(Data records)
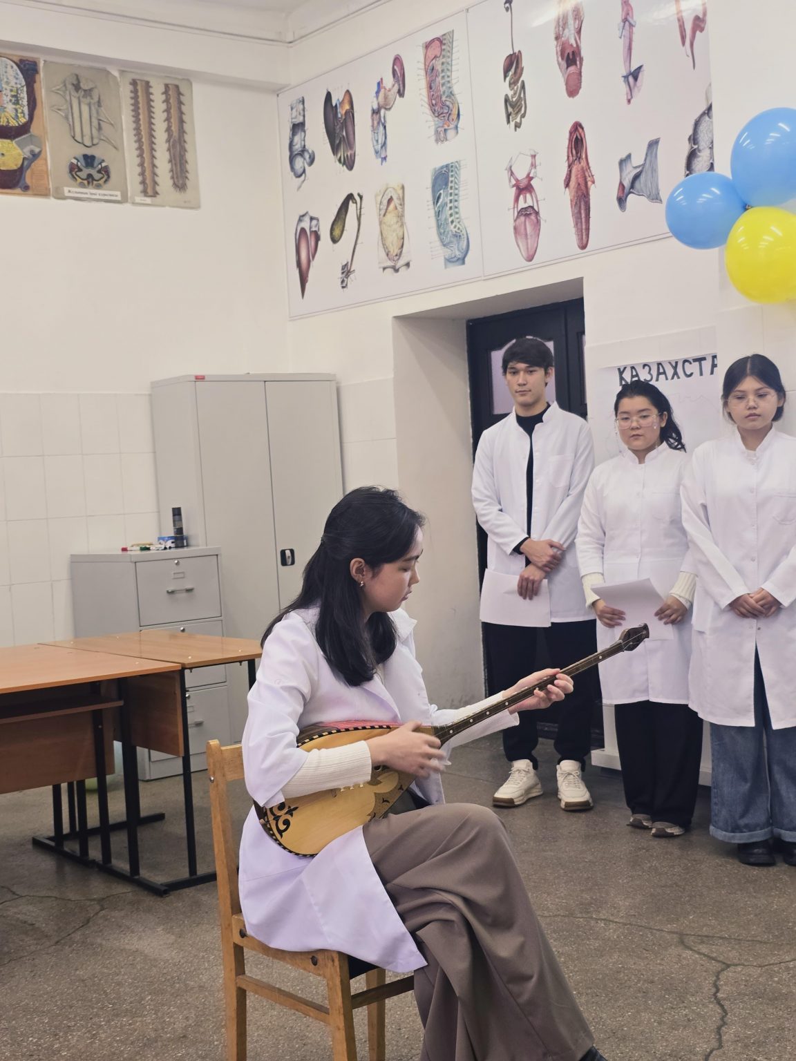 The event’s hosts, Saidulla Togzhan and Kairatov Alan (GM 25-047), first introduced those present to the historical events that led to independence. Following the historical information, the kyui “Konil tolkyny” was performed by Symbat Kulbaeva, a student from the Faculty of GM 25-005.
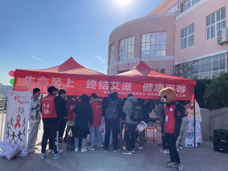 团委志工部青尘义工队的志愿者们冒着凛凛寒风,在学校南苑食堂平台开展了“携手防艾,爱暖寒冬”志愿活动。
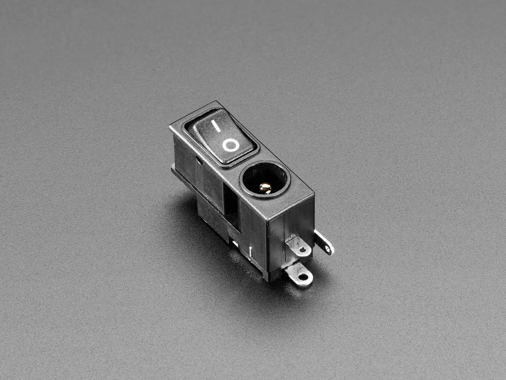 This brilliant invention is a blessing for makers designing or using boards with standard 2.1mm DC barrel jacks. Many devices opt against a proper power switch, for size or cost or other design reasons. So, you're expected to unplug when not in use. But you want something a little fancier! This 2.1mm DC Power Jack with Rocker Switch has the same PCB layout as classic non-switched jacks but has a li'l extra on top - a labeled slide switch!
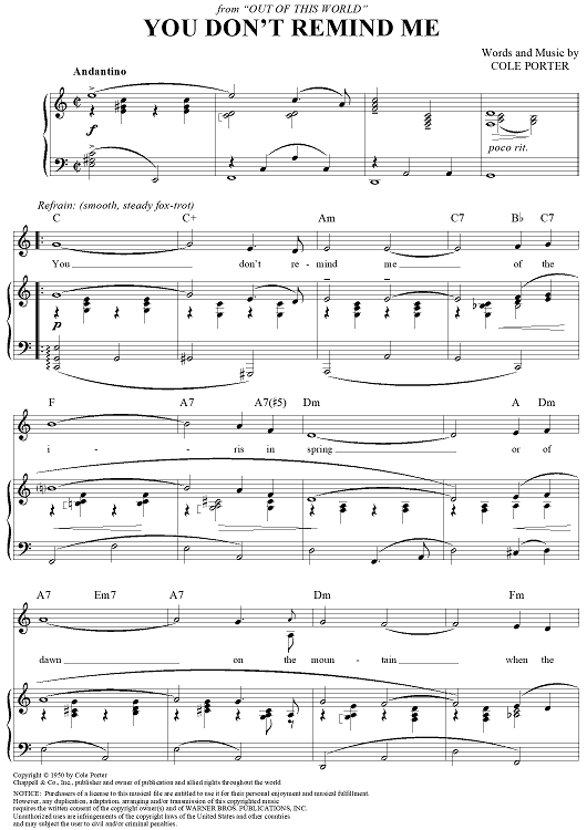 "You Don't Remind Me" Sheet Music by Cole Porter
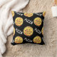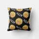 Travesseiro decorativo no preto com um teste padrão de pizzas de pepperoni.

**Task instructions:**
Starting at the line that holds "This brilliant invention", retype every line through the end of the data, both ends included. Pictures stay out of the copy.

**Response for this exercise:**
 This brilliant invention is a blessing for makers designing or using boards with standard 2.1mm DC barrel jacks. Many devices opt against a proper power switch, for size or cost or other design reasons. So, you're expected to unplug when not in use. But you want something a little fancier! This 2.1mm DC Power Jack with Rocker Switch has the same PCB layout as classic non-switched jacks but has a li'l extra on top - a labeled slide switch!
 "You Don't Remind Me" Sheet Music by Cole Porter
 Travesseiro decorativo no preto com um teste padrão de pizzas de pepperoni.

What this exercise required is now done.